Reputation: 427
I wrote the following code to find the last element of a list in haskell:
myLast (x:xs) = do
ret <- if xs == [] then x else (myLast xs)
return ret
The idea is to traverse the list until we are at an element which has the empty list as its next element. When we find it we set ret
to that element.
It makes sense for me but when I run the code inside the interactive shell I get the following error:
<interactive>:1:1: error:
• No instance for (Num (m0 b0)) arising from a use of ‘it’
• In a stmt of an interactive GHCi command: print it
edit 1
The reason I used do
was because I saw that pattern being used somewhere to also traverse a list, so I thought I could do the same here. I'am avoiding libraries for now to get comfortable with the language.
I wrote the function avoiding the do keyword and now it works:
myLast(x:xs) = if xs == [] then x else (myLast xs)
There's now just an issue with the empty list case. How to approach this in haskell?
Upvotes: 2
Views: 3090
Reputation: 71070
You want
myLast (x:xs) =
to be equal to
if xs == [] then x else (myLast xs)
Great, xs == []
, so let's just put it back in:
myLast (x:[]) = x
but what about the else
part? Well, let's add another equation for that,
myLast (_:xs) = myLast xs
and we're golden.
What if we call it with an empty list []
though? No definition case will match, and we will get some kind of a run-time error. Well, same thing happens with the built-in function last
too, so we're no better and no worse than Haskell itself here.
What is that match that I mentioned, you ask? That's how Haskell functions get invoked. Each function definition can have several clauses, starting with the function's name, and containing a pattern for each expected argument.
In a left hand side of an equation,
(x:[])
is a pattern, matching any singleton list. It can also be written [x]
. x
will refer to the list's only element, if used in the right-hand side of the equation.
[]
is a pattern, matching any empty list.
(x:xs)
is a pattern, matching any non-empty list. x
will refer to the list's head (i.e. first) element, if used in the right-hand side of the equation; and xs
will refer to the rest of the elements in a list (which are also, a list -- also known as its tail).
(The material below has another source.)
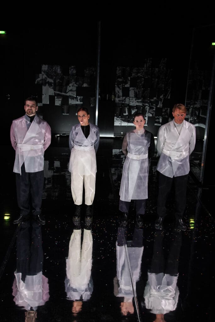 Und die Ärzteschaft? Will nach dem Krieg gar nichts gewusst, gehört, geahnt haben. „Höchstens Gerüchte – nicht Genaues – eigentlich nie – aber nicht in Schleswig-Holstein“. Solche präzise inszenierten Sprechchöre, in denen sich die vier Akteur:innen die Zitate zuwerfen, sind ein Kernelement des Stücks. Es basiert auf Briefen, Akten, Zeitungsartikeln, die Regisseurin Marie Schwesinger (Text und Regie) und der Kieler Dramaturg Jens Paulsen sammelten und aufbereiteten.

But wait, you ask. Wouldn't both clauses match for a singleton list, the first for the pattern [x]
and the second for (_:xs)
with xs
matched up with an empty list, []
?
Why yes, they both would match indeed; (x:[])
and (_:xs)
are not mutually exclusive.
But that's OK, because in Haskell, if the first clause has matched, that's it -- that is the clause that gets executed, and no other attempts at any additional pattern matching and clause selection are made.
That would be Prolog, and that's quite another language.
Upvotes: 1
Reputation: 67467
let's start with the signature of your function
myLast :: [a] -> a
now, for an empty list input, what can be expected as the output? How you can make up an instance of an arbitrary type a
?
Alternatively, you can defer the handling of missing last element to the callers of your function.